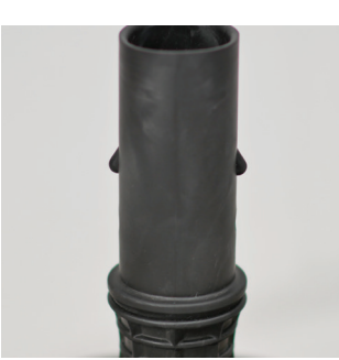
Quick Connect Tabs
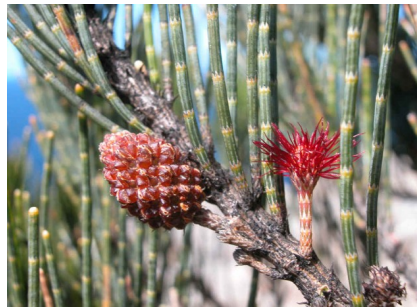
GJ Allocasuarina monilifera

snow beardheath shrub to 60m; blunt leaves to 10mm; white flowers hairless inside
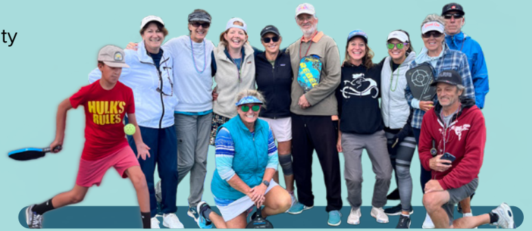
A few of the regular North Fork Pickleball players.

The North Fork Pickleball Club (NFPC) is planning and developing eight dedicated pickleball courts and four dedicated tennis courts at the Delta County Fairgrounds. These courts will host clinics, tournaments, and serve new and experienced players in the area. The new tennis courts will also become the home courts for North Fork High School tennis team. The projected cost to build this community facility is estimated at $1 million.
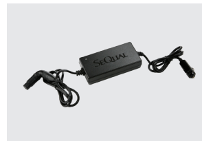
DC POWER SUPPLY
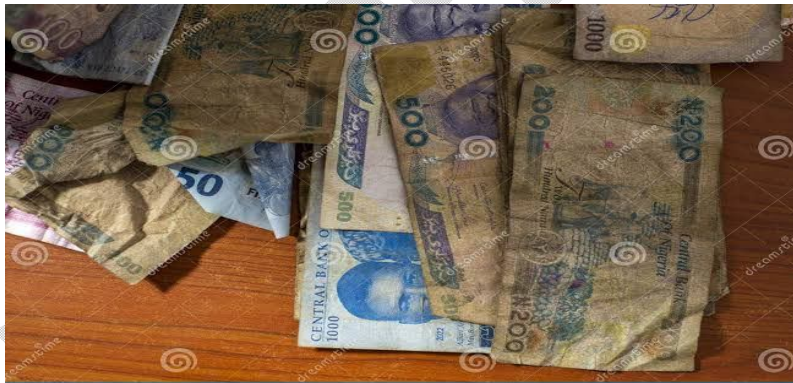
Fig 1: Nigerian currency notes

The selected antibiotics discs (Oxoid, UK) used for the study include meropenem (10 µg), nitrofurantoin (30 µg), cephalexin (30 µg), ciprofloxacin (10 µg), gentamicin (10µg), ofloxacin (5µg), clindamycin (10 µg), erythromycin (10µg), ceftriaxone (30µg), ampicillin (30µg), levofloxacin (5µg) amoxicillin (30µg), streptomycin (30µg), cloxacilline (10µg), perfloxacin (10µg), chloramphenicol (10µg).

> [What is being asked]
The expected answer is the data retyped exactly, without pictures.

> [Answer to the problem]
Quick Connect Tabs
GJ Allocasuarina monilifera

snow beardheath shrub to 60m; blunt leaves to 10mm; white flowers hairless inside
A few of the regular North Fork Pickleball players.

The North Fork Pickleball Club (NFPC) is planning and developing eight dedicated pickleball courts and four dedicated tennis courts at the Delta County Fairgrounds. These courts will host clinics, tournaments, and serve new and experienced players in the area. The new tennis courts will also become the home courts for North Fork High School tennis team. The projected cost to build this community facility is estimated at $1 million.
DC POWER SUPPLY
Fig 1: Nigerian currency notes

The selected antibiotics discs (Oxoid, UK) used for the study include meropenem (10 µg), nitrofurantoin (30 µg), cephalexin (30 µg), ciprofloxacin (10 µg), gentamicin (10µg), ofloxacin (5µg), clindamycin (10 µg), erythromycin (10µg), ceftriaxone (30µg), ampicillin (30µg), levofloxacin (5µg) amoxicillin (30µg), streptomycin (30µg), cloxacilline (10µg), perfloxacin (10µg), chloramphenicol (10µg).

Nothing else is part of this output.